If God’s Old Testament case law ought to be exchanged for God’s natural law, the necessary implication is that God’s natural law somewhere along the line became at odds with – contradicted – God’s Old Testament case law. More specifically, since we know that the Old Testament case law has not been altered, we must conclude that, if any law has changed, it must be natural law. But isn’t natural law, being law, universal and invariant? If so, then why should we believe that it now contradicts Old Testament case law if it didn’t 3,000 years ago? Someone might wish to argue that the outward requirements of the ceremonial law now contradicts the finished work of Christ; so why can’t God’s case law now be at odds with natural law? The answer is that the ceremonial law and the finished work of Christ were not operative at the same time; so the latter may supplant the former without contradiction. In the case of natural law, it was from creation and was operative during the time of Moses. Accordingly, there is no reason to believe that natural law is superior and contrary to the case law today if it was not under Moses.

The simple reality is that natural law does not contradict Old Testament case law; nor were these laws ever functionally equivalent.

Moreover, notice carefully that natural law affirms to all men, at all times and in all places, that every sin against God’s moral law deserves God’s wrath. God’s ministers of justice, however, are not always to punish evildoers to the fullest extent humanly possible. Natural law is known by all men everywhere, but it cannot be justified in any philosophically sound way apart from special revelation. What revelatory authority would one appeal to after all? Accordingly, if the state were to strive to follow natural law with a pure heart with respect to penal sanction (as if that were even possible), all men would be put to death, even for the least of all transgresssions, by unjustified tyrants who are left to employ autonomous and, therefore, arbitrary reasoning. Apart from a theonomic appeal to a law that is self-attesting, the state is left to grasp from its shelf a volume of natural law that does not exist.

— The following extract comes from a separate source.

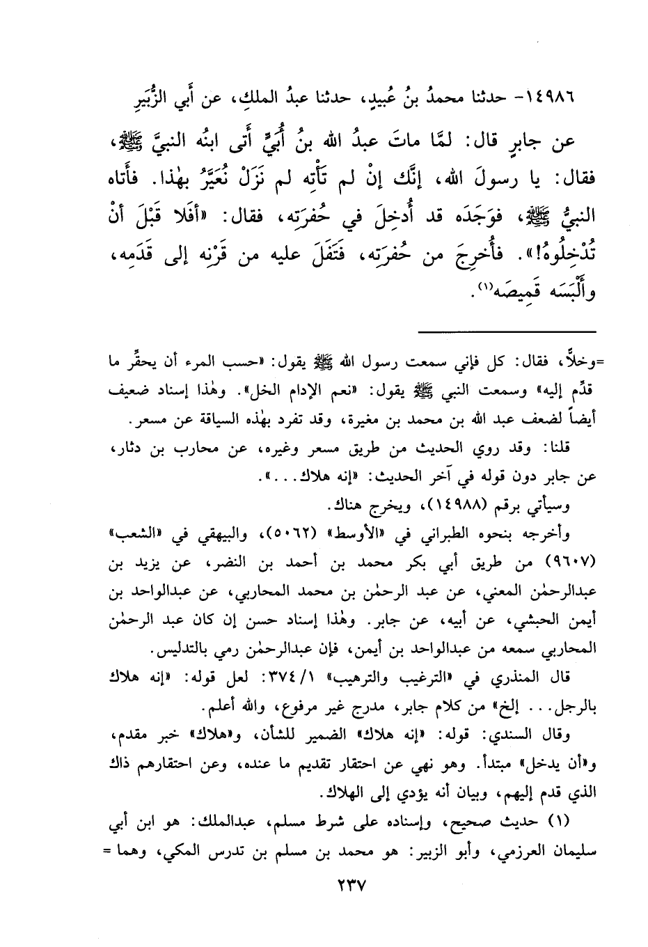 ١٤٩٨٦ - حَدَّثَنَا مُحَمَّدُ بْنُ عُبَيْدٍ، حَدَّثَنَا عَبْدُ الْمَلِكِ، عَنْ أَبِي الزُّبَيْرِ، عَنْ جَابِرٍ، قَالَ: لَمَّا مَاتَ عَبْدُ اللهِ بْنُ أُبَيٍّ أَتَى ابْنُهُ النَّبِيَّ صَلَّى اللهُ عَلَيْهِ وَسَلَّمَ، فَقَالَ: يَا رَسُولَ اللهِ، إِنَّكَ إِنْ لَمْ تَأْتِهِ لَمْ نَزَلْ نُعَيَّرُ بِهَذَا، فَأَتَاهُ النَّبِيُّ صَلَّى اللهُ عَلَيْهِ وَسَلَّمَ، فَوَجَدَهُ قَدْ أُدْخِلَ فِي حُفْرَتِهِ، فَقَالَ: " أَفَلَا قَبْلَ أَنْ تُدْخِلُوهُ "، فَأُخْرِجَ مِنْ حُفْرَتِهِ فَتَفَلَ عَلَيْهِ مِنْ قَرْنِهِ إِلَى قَدَمِهِ، وَأَلْبَسَهُ قَمِيصَهُ " (١)

What a convoluted way to deny that all kings are to offer homage to the Son.

A recipe for tyranny, indeed. If it’s divorced from the authoritative testimony of Scripture, anyone can justify anything with an appeal to natural law. Who’s to say otherwise, eh?

Tom attempts to demonstrate this line of thought by contending that God judged the Gentile nations for violating, essentially, the Decalogue ─ as opposed to the case laws, I take it. The fact of the matter, however, is that the prophets, acting under God’s direction, judged pagan nations for slave trade (Amos 1:6; cf. Exo. 21:16; Deut. 24:7), witchcraft (Nab. 3:4; cf. Exo. 22:18; Lev. 19:21), loan pledge abuse (Hab. 2:6; cf. Exo. 22:25-27; Deut. 24:6f), and so forth. The notion that only the Decalogue binds nations beyond ancient Israel is seriously untenable. Rushdoony aptly illustrates that the case laws follow from the Decalogue in his Institutes of Biblical Law, volume 1.

Tom quotes Richard Barcellos thusly, “The New Testament clearly abrogates the whole Old Covenant, including the Decalogue, as it functioned within the Old Covenant, and yet borrows from its documents as the basis for New Covenant ethics. . .“ Barcellos presents a picture whereby the writers of the New Testament essentially start from scratch (norm), only quoting certain normative passages in the Old Testament for expediency’s sake (exceptions).

But this does not comport with the practice of the New Testament writers. In 1 Tim. 5:18, Paul writes, “For the Scripture says, ‘You shall not muzzle an ox when it treads out the grain,’ and, ‘The laborer deserves his wages.'”And in 1 Cor. 9:9, he writes again to the church at Corinth, “It is written in the Law of Moses, ‘You shall not muzzle an ox when it treads out the grain.’ Is it for oxen that God is concerned?” From where does that quotation come? From Deuteronomy 25:4. Paul does not present these applications as aberrant exceptions to the norm. He expects his readers to know and apply the law of God. He exhorts them by way of reminder, not selective reiteration.

 

Tom writes,

It’s impossible to separate Israel’s judicial law from the land of Canaan. The Old Covenant law was given to the Old Covenant people, who were to keep the law in the Old Covenant land. Deuteronomy 4:14 says, “And the LORD commanded me at that time to teach you statues and rules that you might do them in the land that you are going over to possess.”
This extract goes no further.